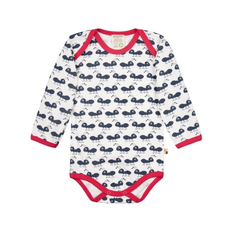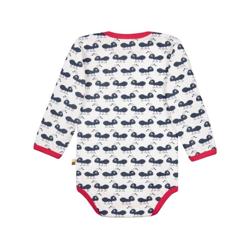 Der Body ist mit einem lustigen Ameisen-Allover verziert und die Kanten sind mit einem kontrastfarbigen Einfassband abgesetzt.
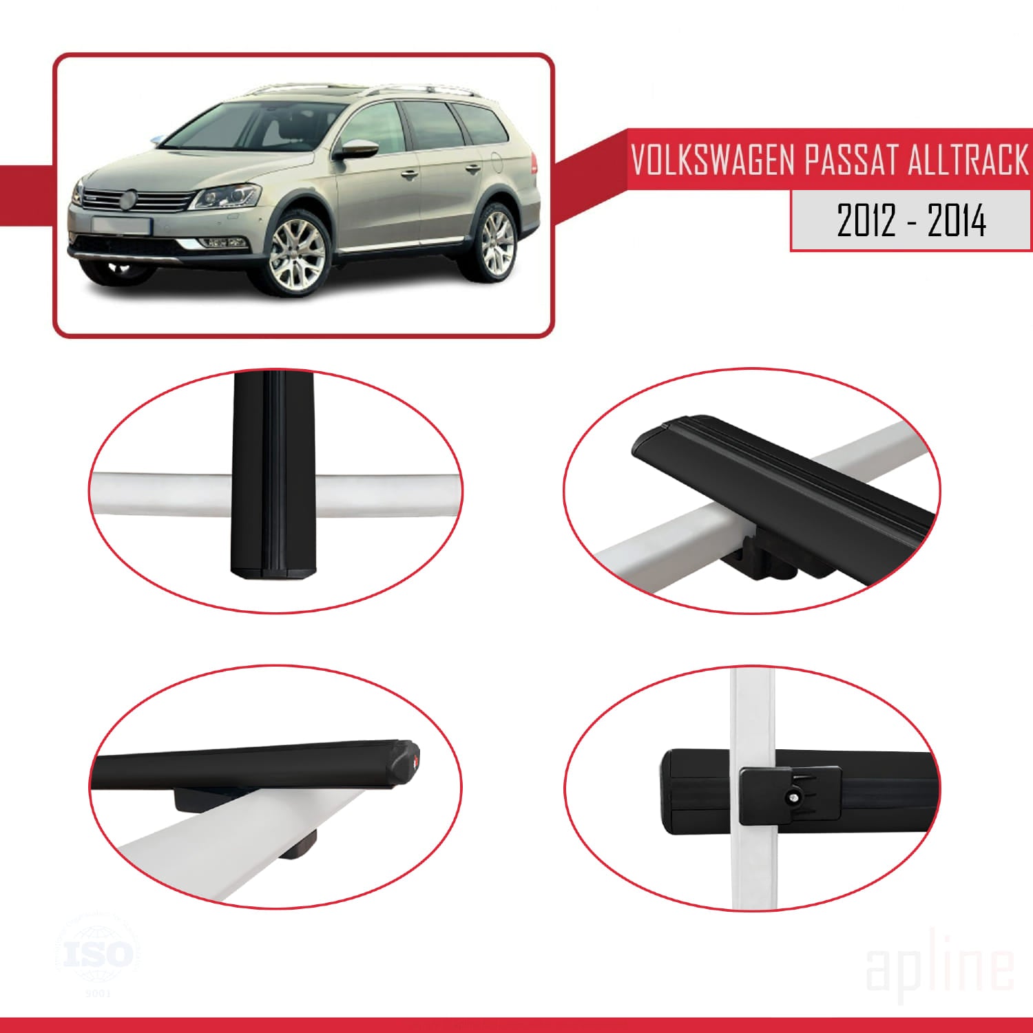 Compatible avec Volkswagen Passat B7 (3C) Alltrack 2012-2014 BASIC Model Barres de Toit Railing Porte-Bagages de Voiture Noir Aluminium 2 Barres
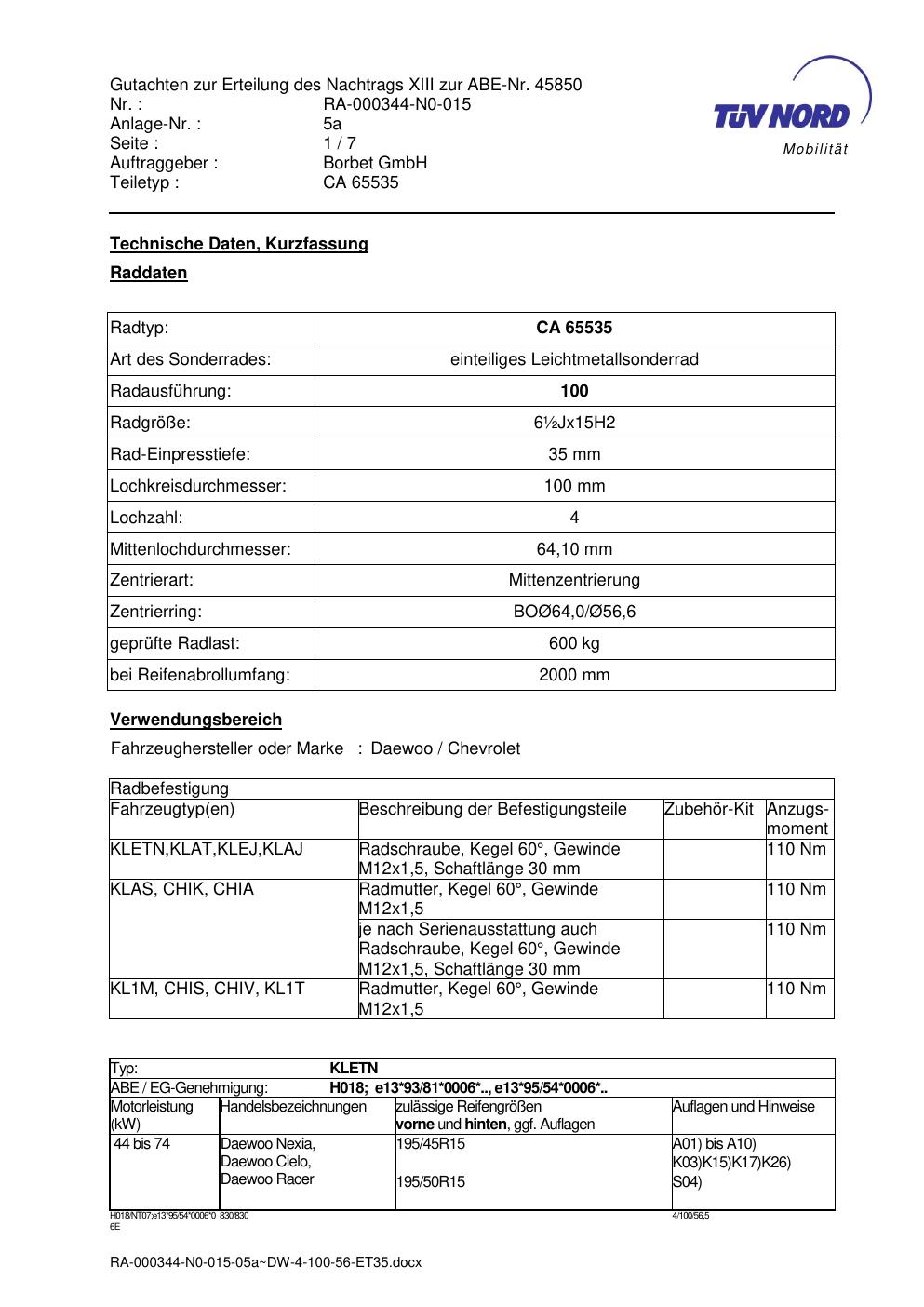 • Stimmt die KBA-Nummer auf der Felge mit diesem Dokument überein?
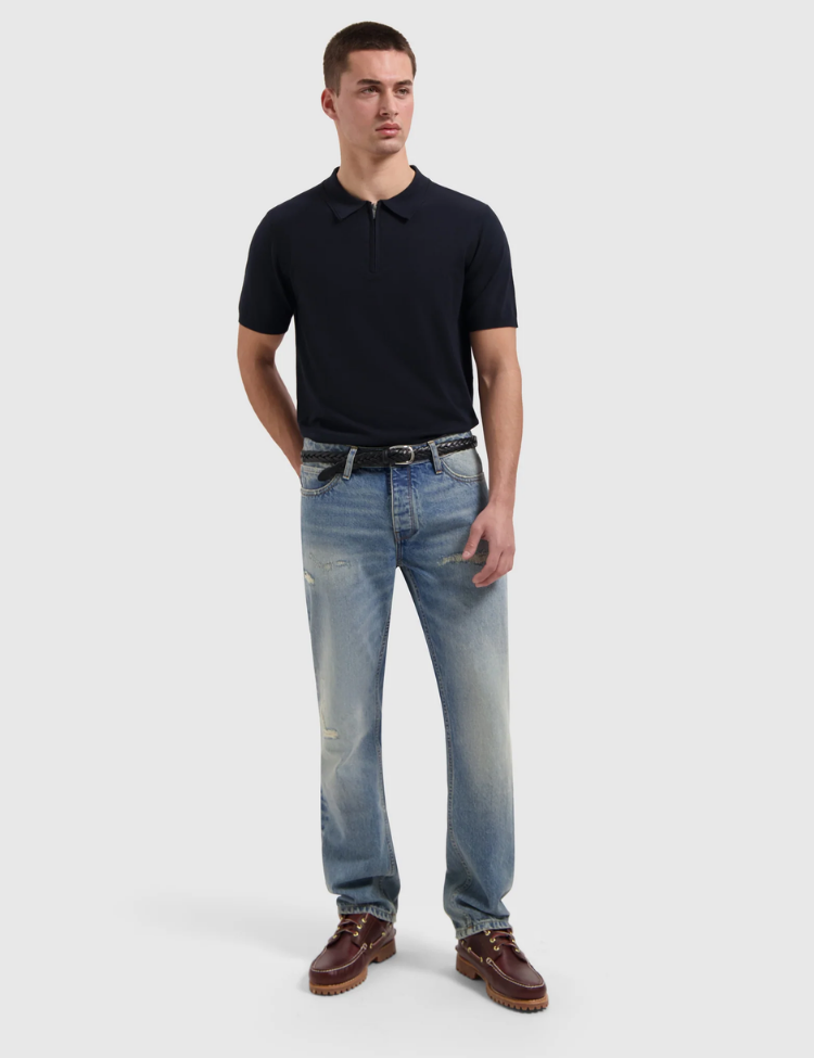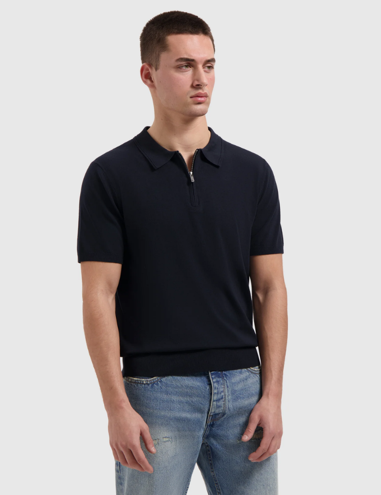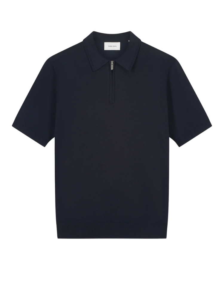 Pure Path Zip Knitted Polo - Dark Navy

**YOUR TASK:** Print the full listing exactly, dropping the pictures.

**PROBLEM SOLUTION:**
 Der Body ist mit einem lustigen Ameisen-Allover verziert und die Kanten sind mit einem kontrastfarbigen Einfassband abgesetzt.
 Compatible avec Volkswagen Passat B7 (3C) Alltrack 2012-2014 BASIC Model Barres de Toit Railing Porte-Bagages de Voiture Noir Aluminium 2 Barres
 • Stimmt die KBA-Nummer auf der Felge mit diesem Dokument überein?
 Pure Path Zip Knitted Polo - Dark Navy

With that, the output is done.